Where a picture appears, leave it out, and transcribe all the lines below exactly.

== Information shown ==
━━━━━━
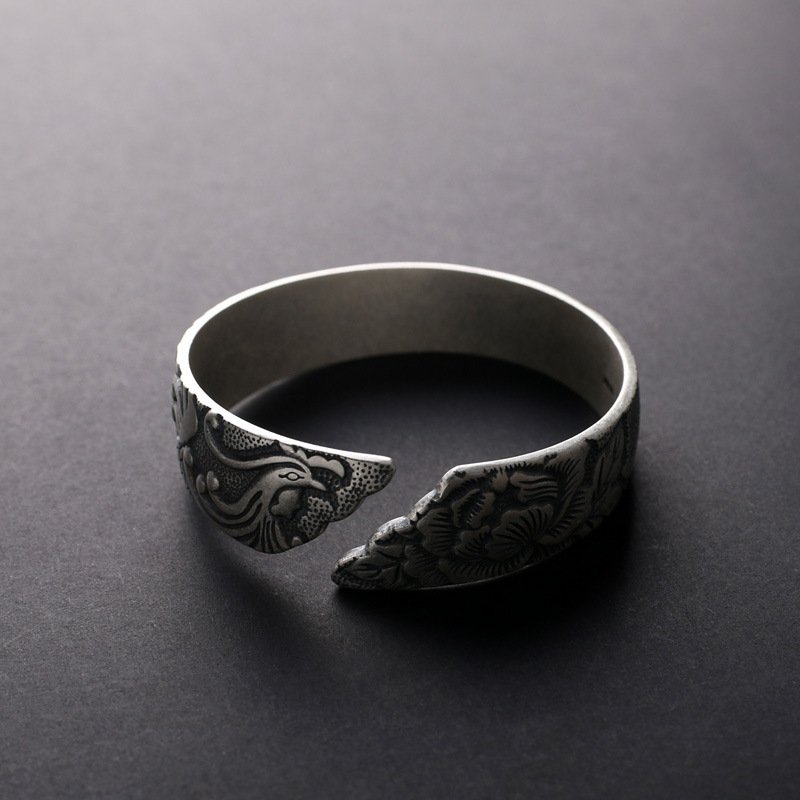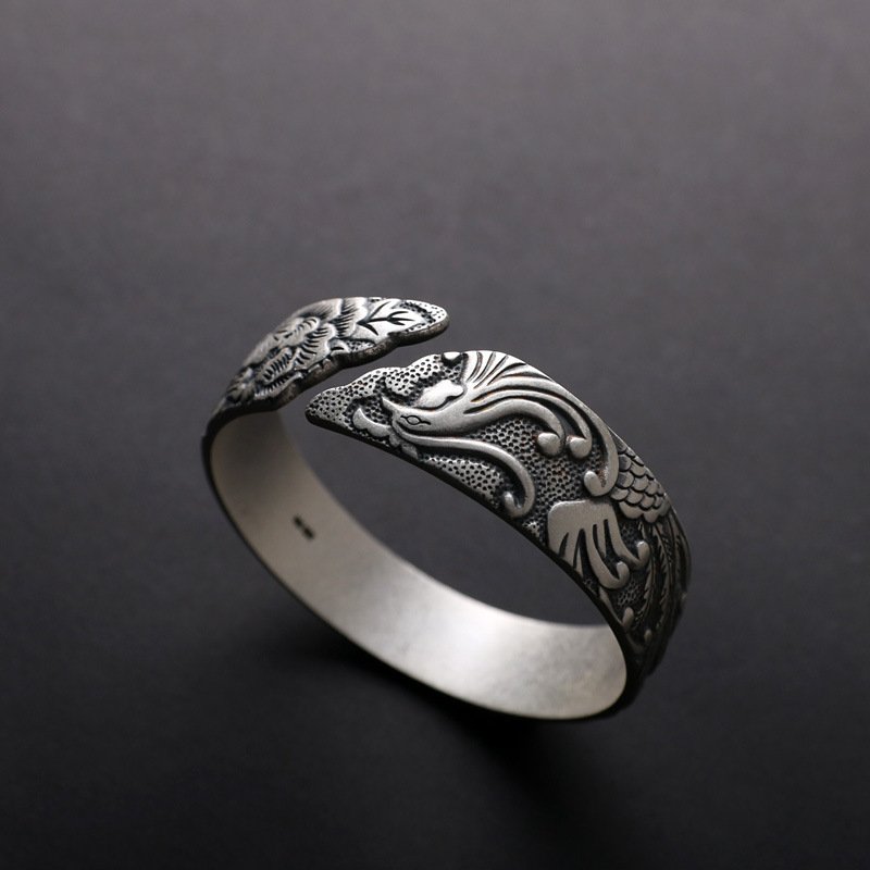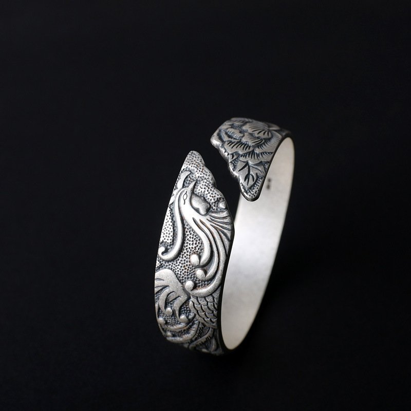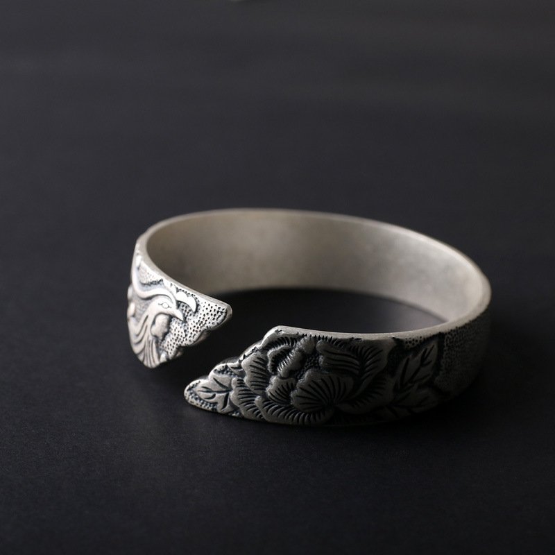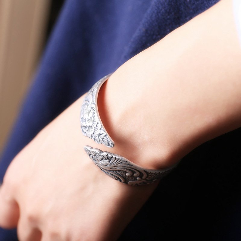 S999 Pure Silver Phoenix Peony Wide Side Thai Silver Matte Retro Ethnic Style Bracelet Women
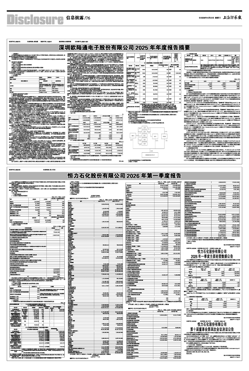 本报告具体内容详见公司于同日在指定信息披露媒体及上海证券交易所网站(www.sse.com.cn)上披露的《恒力石化股份有限公司2026年第一季度报告》。
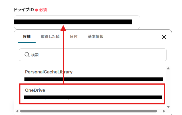 「ドライブID」は、入力欄をクリックして表示される候補から選択してください。
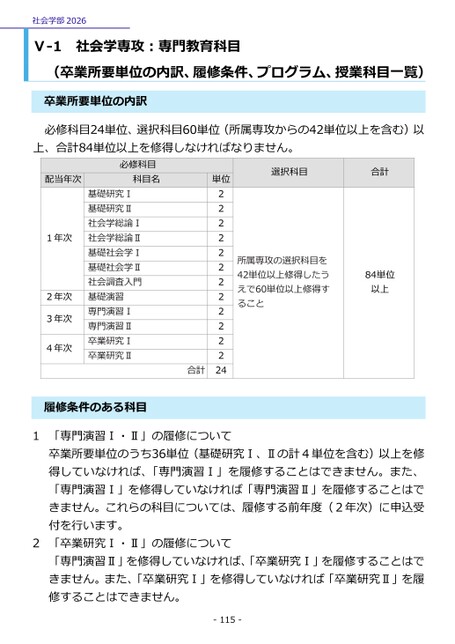 社会学部2026Ⅴ-1社会学専攻:専門教育科目(卒業所要単位の内訳、履修条件、プログラム、授業科目一覧)卒業所要単位の内訳必修科目24単位、選択科目60単位(所属専攻からの42単位以上を含む)以上、合計84単位以上を修得しなければなりません。選択科目合計所属専攻の選択科目を42単位以上修得したうえで60単位以上修得すること84単位以上単位22222222222224合計配当年次必修科目科目名基礎研究Ⅰ基礎研究Ⅱ社会学総論Ⅰ社会学総論Ⅱ基礎社会学Ⅰ基礎社会学Ⅱ社会調査入門基礎演習専門演習Ⅰ専門演習Ⅱ卒業研究Ⅰ卒業研究Ⅱ1年次2年次3年次4年次修条件のある科目履1「専門演習Ⅰ・Ⅱ」の履修について卒業所要単位のうち36単位(基礎研究Ⅰ、Ⅱの計4単位を含む)以上を修得していなければ、「専門演習Ⅰ」を履修することはできません。また、「専門演習Ⅰ」を修得していなければ「専門演習Ⅱ」を履修することはできません。これらの科目については、履修する前年度(2年次)に申込受付を行います。2「卒業研究Ⅰ・Ⅱ」の履修について「専門演習Ⅱ」を修得していなければ、「卒業研究Ⅰ」を履修することはできません。また、「卒業研究Ⅰ」を修得していなければ「卒業研究Ⅱ」を履修することはできません。-115-
━━━━━━
== Solution for this task ==
 S999 Pure Silver Phoenix Peony Wide Side Thai Silver Matte Retro Ethnic Style Bracelet Women
 本报告具体内容详见公司于同日在指定信息披露媒体及上海证券交易所网站(www.sse.com.cn)上披露的《恒力石化股份有限公司2026年第一季度报告》。
 「ドライブID」は、入力欄をクリックして表示される候補から選択してください。
 社会学部2026Ⅴ-1社会学専攻:専門教育科目(卒業所要単位の内訳、履修条件、プログラム、授業科目一覧)卒業所要単位の内訳必修科目24単位、選択科目60単位(所属専攻からの42単位以上を含む)以上、合計84単位以上を修得しなければなりません。選択科目合計所属専攻の選択科目を42単位以上修得したうえで60単位以上修得すること84単位以上単位22222222222224合計配当年次必修科目科目名基礎研究Ⅰ基礎研究Ⅱ社会学総論Ⅰ社会学総論Ⅱ基礎社会学Ⅰ基礎社会学Ⅱ社会調査入門基礎演習専門演習Ⅰ専門演習Ⅱ卒業研究Ⅰ卒業研究Ⅱ1年次2年次3年次4年次修条件のある科目履1「専門演習Ⅰ・Ⅱ」の履修について卒業所要単位のうち36単位(基礎研究Ⅰ、Ⅱの計4単位を含む)以上を修得していなければ、「専門演習Ⅰ」を履修することはできません。また、「専門演習Ⅰ」を修得していなければ「専門演習Ⅱ」を履修することはできません。これらの科目については、履修する前年度(2年次)に申込受付を行います。2「卒業研究Ⅰ・Ⅱ」の履修について「専門演習Ⅱ」を修得していなければ、「卒業研究Ⅰ」を履修することはできません。また、「卒業研究Ⅰ」を修得していなければ「卒業研究Ⅱ」を履修することはできません。-115-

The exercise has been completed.